Last night, half inspired by somewhat recent reading from THE GRAND PIANO memoir, I started reading aloud bits of Zukofsky's A to Farrah. I haven't before spent much time on the poem overall and was drawn to section 22 (the source of a well-remembered group reading from the 1970s in the bay area) where the poem suddenly switches gears into quasi-Latin/Elizabethan drama, repelete with characters out of Plautus or somesuch--A dramatis personae leading the way. Farrah referred to the changeover as 'disconcerting,' a comment which I think unpacks a certain set of assumptions about poetry and the 'lyric' having to do with the voice being A voice or at least Assumed Voices, the line containing a certain set of materials existing in a certain plane vis a vis the rest. And by contrast this move - one might call it "experimental" though I suppose the experiment must have passed a while ago from the preliminary findings stage to peer review - seems to explode such readings and demand a constantly replenished reading, as if such useful things as genre had not yet come into existence. Still, what does it DO for the work to move like this? I think of the Circe chapter from Joyce's Ulysses for an analogue and I suppose the experience of reading a screenplay as novel (Farrah has shown me a YA novel doing just this) might cause similar parallax reactions, concretizing the language while at the same time destabilizing this character-colon effect. Just words? Just peoples?

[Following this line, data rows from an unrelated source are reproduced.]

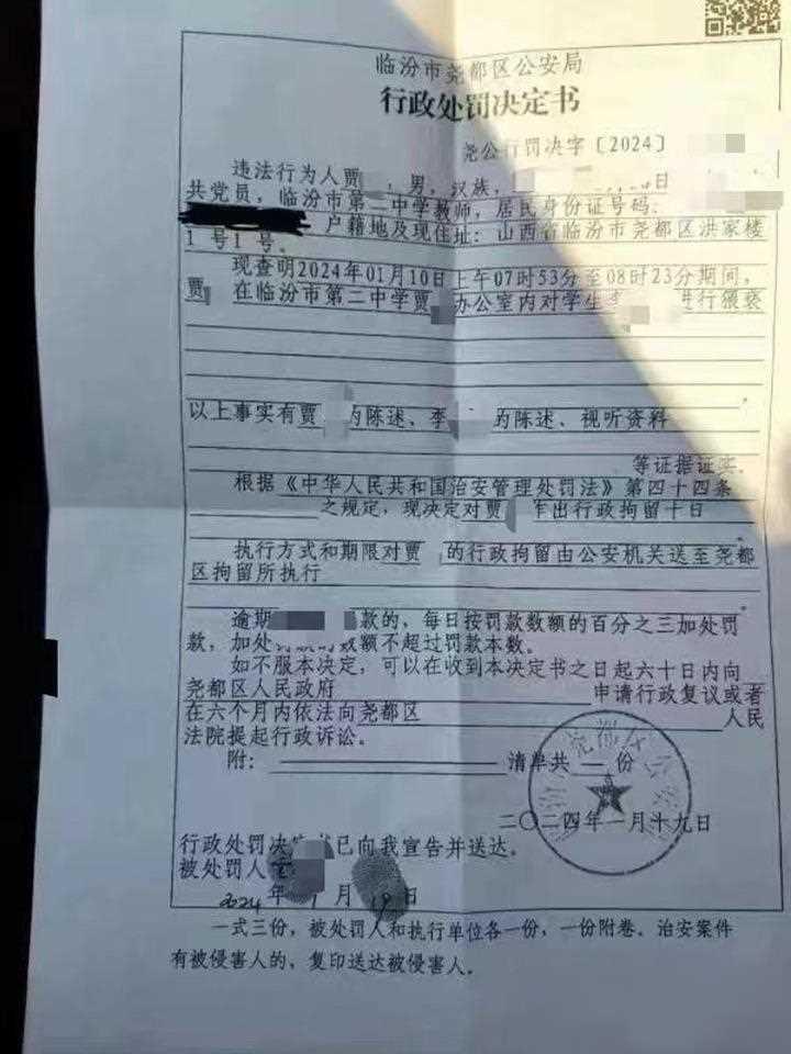 山西临汾一中学教师涉嫌猥亵男学生:教育局行政拘留10日
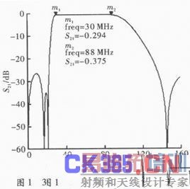 设计一个9阶30~88 MHz大功率带通滤波器,其指标要求为:频段范围30~88 MHz;承受功率为100 W;在30~88 MHz频段内插入损耗<0.7 dB;带内波动<0.3 dB;带外抑制>25 dB。
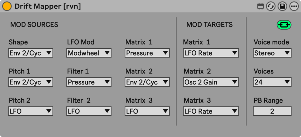 As the name already suggests, this free Max for Live audio effect allows the mapping of parameters in Drift that aren’t natively mappable within Drift itself. These parameters include modulation sources and targets, as well as a few other parameters, which through Drift Mapper become MIDI or key mappable as well. It needs to sit to the right of a Drift instance to work.

I picked up a copy of Paul Killbrew's newish, pretty chapbook Inspector vs Evader at McNally Robinson a few days ago and was very struck by the similar principle of re-evaluation line by line, as Killebrew constructs the long poem out of interlocked but not necessarily contiguous voices in a series of end-stopped lines coinciding with but not necessarily equal to sentences. What is the difference between the line and sentence? Who is it now? I sometimes feel that tug when writing: you press the enter key and everything can be different now. Cliche: this is the first day of the rest of the sentence. And yet there's all this baggage. (I remember, after meeting Paul Killebrew at a reading last year I ran into him a few weeks later in the Jetblue terminal at JFK, though not specifically in the baggage claim...) His book is I think a bit about the question: what am I doing and what do I do now. Which is a good question to be asking yourself or having someone ask you. (But which is it? How would you tell?)
In the Simpsons movie which I just got home from seeing, there is a very funny scene when Homer slogs endlessly by himself through a wasteland, tireder by the step, monologing like a Beckett character: "I can't go on I must go on Shut up No you shut up I can't stand you" etc. My father, with whom I've been on exhausting bike and ski rides countless times, was practically hyperventilating with identification. And who was Homer talking to when Homer was talking to Homer? I imagine the screenplay, just as I read Paul Killebrew's also funny chapbook. Aloudness counts for something; printed pages are very, very flat.